— Ладно, — сказала Тыква, — они какое-то время разговаривали, и вдруг Хацумомо вспомнила историю. Начиналась она так: «Одна молодая начинающая гейша по имени Саюри, живущая в моей окейе...» Когда Доктор услышал твое имя, он привстал, словно укушенный пчелой, и сказал: «Ты знаешь ее?» На что Хацумомо ответила: «Конечно, Доктор, я знаю ее. Ведь она живет в моей окейе». Затем она сказала что-то еще, уже не помню, а потом: «Я не должна говорить о Саюри, потому что боюсь раскрыть ее секрет».
Услышав это, я похолодела. Уверена, Хацумомо придумала что-то ужасное.
— Тыква, так что это за секрет?
— Хацумомо сказала ему, что рядом с окейей жил один молодой человек и вы друг другу очень нравились. Она же не хотела открывать этот секрет, потому что Мама очень строга в отношении любовников. Хацумомо сказала, что позволяла вам быть вместе в ее комнате, когда Мама отсутствовала. После чего она говорила что-то вроде: «О, Доктор, я не должна была вам всего этого говорить! Если это дойдет до Мамы, мне несдобровать». Доктор сказал, что очень благодарен Хацумомо за ее рассказ и обязательно примет его к сведению.
Могу себе представить, как довольна была Хацумомо. Я спросила Тыкву, слышал ли это кто-нибудь еще. Она сказала, что нет.
Я несколько раз поблагодарила ее за помощь и сказала, как я ей сочувствую, что последние несколько лет ей приходилось быть рабыней Хацумомо.
— Надеюсь, какая-то польза от этого будет, — сказала Тыква. — Несколько дней назад Мама решила удочерить меня. Так что моя мечта начинает осуществляться.

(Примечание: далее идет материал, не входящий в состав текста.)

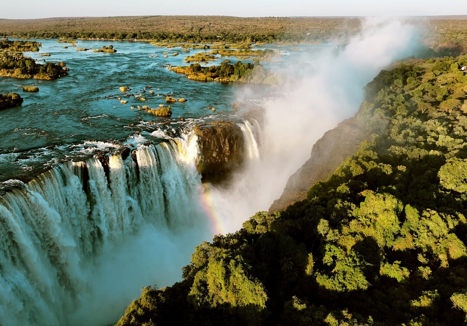 Freie Zeit zur Verfügung für Aktivitäten in Victoria Falls. Victoria Falls bietet zahlreiche Möglichkeiten für einen abwechslungsreichen Tag. Fliegen Sie z.B. mit dem Hubschrauber über die Fälle, so bekommen Sie einen guten Eindruck von der in den Himmel steigenden Gischt und sehen, wie breit der Sambesi an der Abbruchkante ist. Auf dem großen Handwerkermarkt können Sie nach letzten Souvenirs suchen. Am Nachmittag nehmen Sie das Boot, um den Sonnenuntergang auf dem Sambesi zu erleben – im Wasser schnauben die Flusspferde, das Ufer wird von Wasservögeln gesäumt und mitunter lassen sich auch noch einmal Elefanten blicken. Der ganze Zauber Afrikas offenbart sich Ihnen hier noch einmal im schönsten Licht des Abends. (F/A)

От ее слов мне стало не по себе, хотя я и сказала, что очень рада за нее. И это было действительно правдой, но, с другой стороны, важным пунктом плана Мамехи являлось мое удочерение Мамой.
На следующий день я рассказала Мамехе все, что узнала от Тыквы. Когда она услышала о любовнике, она возмущенно покачала головой и объяснила мне, что Хацумомо нашла очень умный способ вбить Доктору Крабу в голову идею, что моя «пещера» уже освоена чьим-то «угрем».
Еще больше Мамеху расстроило известие о предстоящем удочерении Тыквы.
— Думаю, — сказала она, — до удочерения осталось всего несколько месяцев, это значит, Саюри, настало время для твоего мизуажа, независимо от того, готова ты к нему или нет.
Мамеха на этой же неделе пошла в кондитерскую лавку и заказала своеобразный рисовый торт, который в Японии называется экубо, что переводится как «впадина». Мы называем его экубо, потому что сверху у него есть небольшая впадина с крошечным красным кружочком в центре. Некоторые считают вид этих торгов очень непристойным. Мне он всегда казался похожим на крошечные, слегка примятые подушечки, словно на них только что спала женщина, испачканные посредине красной губной помадой, как будто слишком уставшая женщина не сняла макияж перед сном. Всегда, когда молодая начинающая гейша готова к мизуажу, она дарит коробку с экубо мужчинам, приглашающим ее на вечеринки. Большинство начинающих гейш дарят экубо по крайней мере десятку мужчин, иногда даже большему количеству. Мне же Мамеха велела подарить торт только Нобу и, если повезет, Доктору. Я расстроилась, что не подарю экубо Председателю, но, с другой стороны, вся процедура казалась мне довольно неприятной, поэтому я не слишком переживала по этому поводу.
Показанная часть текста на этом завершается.